Hello Adam Litke, Allon Mureinik,
I'd like you to do a code review. Please visit
https://gerrit.ovirt.org/46484
to review the following change.
Change subject: safelease: Unbreak safelease on systemd ......................................................................
safelease: Unbreak safelease on systemd
spmprotect.sh depends on Vdsm pid file for fencing Vdsm when the SPM lease cannot be renewed. However, on systemd, we do not create Vdsm pid file. When spmprotect tries to fence Vdsm it fails and reboots the host, killing all running vms. This issue effects only v1 storage domains, typically old systems using dc compatibility version 3.0.
Now we pass vdsm pid to spmprotect.sh helper script via command line argument, restoring safelease operation.
Adding another argument to a script with 9 arguments is ugly, but I don't want to make risky changes to this delicate and critical code.
Change-Id: I230b6909781269531eab3d71b516b28ab22de856 Bug-Url: https://bugzilla.redhat.com/1222564 Signed-off-by: Nir Soffer nsoffer@redhat.com Reviewed-on: https://gerrit.ovirt.org/45963 Continuous-Integration: Jenkins CI Reviewed-by: Allon Mureinik amureini@redhat.com Reviewed-by: Adam Litke alitke@redhat.com --- M vdsm/storage/clusterlock.py M vdsm/storage/protect/spmprotect.sh 2 files changed, 11 insertions(+), 8 deletions(-)

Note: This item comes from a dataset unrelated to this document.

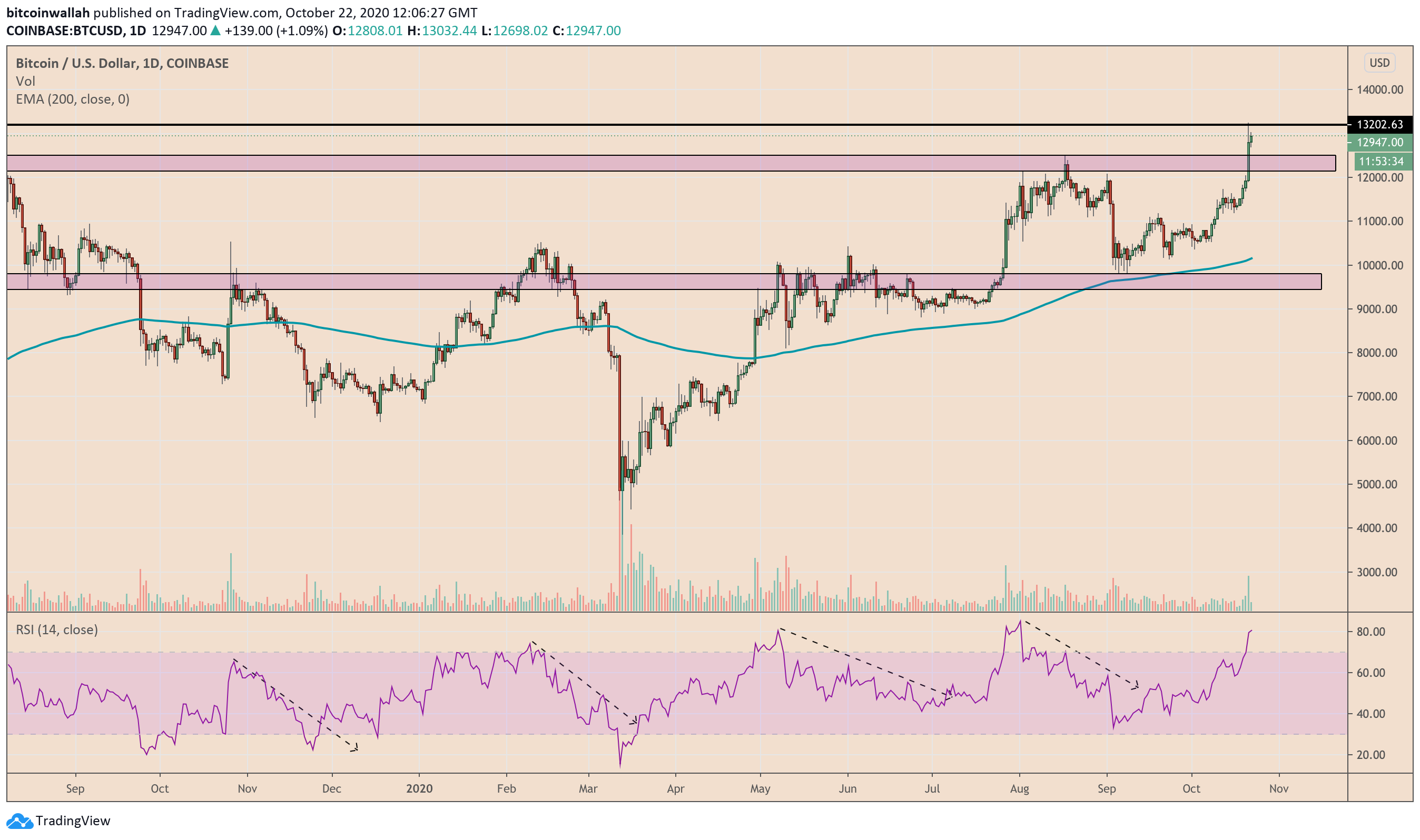 Bitcoin retests $13,000-resistance in the latest sign of extended upside momentum. Source: BTCUSD on TradingView.com

git pull ssh://gerrit.ovirt.org:29418/vdsm refs/changes/84/46484/1
diff --git a/vdsm/storage/clusterlock.py b/vdsm/storage/clusterlock.py index 24a5d81..c9dab35 100644 --- a/vdsm/storage/clusterlock.py +++ b/vdsm/storage/clusterlock.py @@ -132,7 +132,8 @@ acquireLockCommand = subprocess.list2cmdline([ lockUtil, "start", self._sdUUID, str(hostID), str(self._lockRenewalIntervalSec), str(self._leasesPath), - str(leaseTimeMs), str(ioOpTimeoutMs), str(self._leaseFailRetry) + str(leaseTimeMs), str(ioOpTimeoutMs), + str(self._leaseFailRetry), str(os.getpid()) ])
cmd = [constants.EXT_SU, misc.IOUSER, '-s', constants.EXT_SH, '-c', diff --git a/vdsm/storage/protect/spmprotect.sh b/vdsm/storage/protect/spmprotect.sh index f569a91..fc0e390 100755 --- a/vdsm/storage/protect/spmprotect.sh +++ b/vdsm/storage/protect/spmprotect.sh @@ -31,8 +31,6 @@ CHECKVDSM=${CHECKVDSM:-"/usr/bin/pgrep vdsm"} REBOOTCMD=${REBOOTCMD:-"sudo /sbin/reboot -f"} RENEWDIR="/var/run/vdsm/spmprotect/$$" -VDSM_PIDFILE="/var/run/vdsm/vdsmd.pid" -VDSM_PID=`/bin/cat "$VDSM_PIDFILE"`
function usage() { if [ -n "$1" ]; then @@ -41,7 +39,7 @@ trap EXIT echo "usage: $0 COMMAND PARAMETERS" echo "Commands:" - echo " start { sdUUID hostId renewal_interval_sec lease_path[:offset] lease_time_ms io_op_timeout_ms fail_retries }" + echo " start { sdUUID hostId renewal_interval_sec lease_path[:offset] lease_time_ms io_op_timeout_ms fail_retries vdsm_pid [debug] }" echo "Parameters:" echo " sdUUID - domain uuid" echo " hostId - host id in pool" @@ -51,6 +49,8 @@ echo " lease_time_ms - time limit within which lease must be renewed (at least 2*renewal_interval_sec)" echo " io_op_timeout_ms - I/O operation timeout" echo " fail_retries - Maximal number of attempts to retry to renew the lease before fencing (<= lease_time_ms/renewal_interval_sec)" + echo " vdsm_pid - Vdsm process ID" + echo " debug - enable debug mode (optional)" exit 1 }
@@ -119,12 +119,14 @@ LEASE_TIME_MS="$4" IO_OP_TIMEOUT_MS="$5" LAST_RENEWAL="$6" + VDSM_PID="$7"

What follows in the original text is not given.